Monthly Archives: December 2002

Computer Science 2 the Big O

CS1 was easy.  CS2 was easy until the midterm.  Then I had the realization that I was in trouble.  I bombed the midterm.  I was unprepared for the test.  Dr. Hasz pushed the attitude adjustment button for the whole class.  I was really set back getting 67/110.  I blew 2 of the 5 questions entirely.  My primary failure was caused by not keeping up with the book.  So when the first question asked:

Consider the language that the following grammar defines:
<S>=<L> | <D><S><S>   <L>=A|B   <D>=1|2

Write all three-character strings that are in this language
Write one string in this language that contains more than 3 characters

I had absolutely no idea what to do with this.  I should have read the section on grammars in the book since Dr. Hasz didn’t talk about it during lecture.

The other mistake I made was not paying attention as I rushed to complete the test.  The question:

Show the intermediate stack contents from infix to postfix for:
(a*b-c)/d+(e-f)

I failed to place the operands on the stack.

Dr. Hasz loved to give really hard tests.  No book, no Internet, just my brain, a pencil, and a pile of paper.  The same midterm also had us psuedocode a Binary Search algorithm and implementations of Stack and Queue ADT’s and a pile of other things.
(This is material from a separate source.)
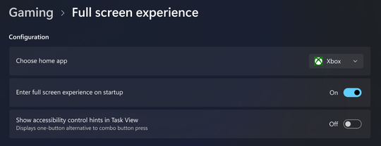 なお、ゲームの操作に集中できるように、「Xbox FSE」では一部のキーボードショートカットキーが通常のデスクトップと異なる仕様になるとのこと。通常のデスクトップへ戻るには、タスクビューから切り替えるか、「Game Bar」の設定で「Xbox FSE」を終了するか、キーボードの[Windows]キーを押せばよい。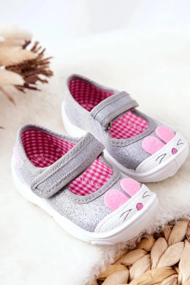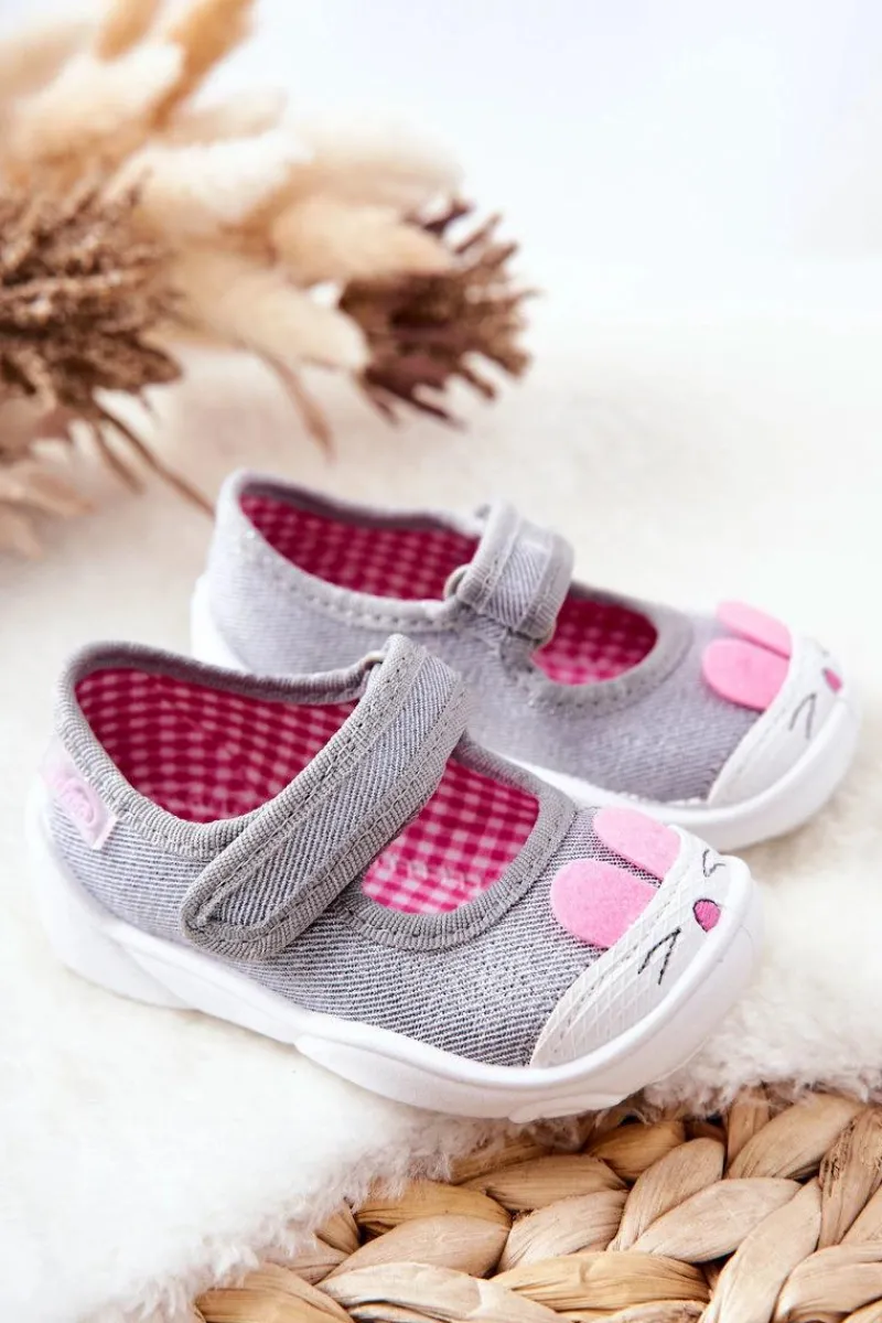 Dziewczęce papcie chronią stopy dziecka przed powstaniem płaskostopia, dając im swobodę i komfort podczas wielu godzin spędzonych w żłobku czy na zabawach na dworze. Obuwie posiada zapięcie na rzep, które podtrzymuje stopę. Buciki są lekkie i wykonane z bawełnianych tkanin, co znacznie przyczynia się do ograniczenia potliwości stópek. Podwyższony zapiętek pozwala na stabilizację stopy dziecka, co jest ważne przy każdej aktywności malucha. Model ten posiada szeroki czubek, co zapewnia przestrzeń dla małych paluszków, dzięki czemu dziecko czuje się komfortowo.Przy wyborze rozmiaru prosimy kierować tabelą rozmiarów.

I had to really knuckle down and by the second midterm I pulled out a 98/110 and finished the course with a B grade.

The BIG-O

Mathematical induction, recursion, and efficiency.  Does that algorithm operate on the order of n, log(n), n log(n), n2,or 2n.  How efficient is it?  What we learned is that really elegant recursive solutions to a problem often are really inefficient and that an iterative solution would be better, faster, less costly in terms of computational resources.  CS2 was only an introduction to  mathematical induction.  Dr. Hasz talked just enough about it to get us started looking at how efficient an algorithm is.

An algorithm requires time proportional to f(n) to run, this is its growth rate function.  Big O notation is the order of magnitude f(n) or O(f(n)).  If a problem of size n requires time directly proportional to n to solve then it is O(n).  If the problem requires time proportional to n2 then it is O(n2).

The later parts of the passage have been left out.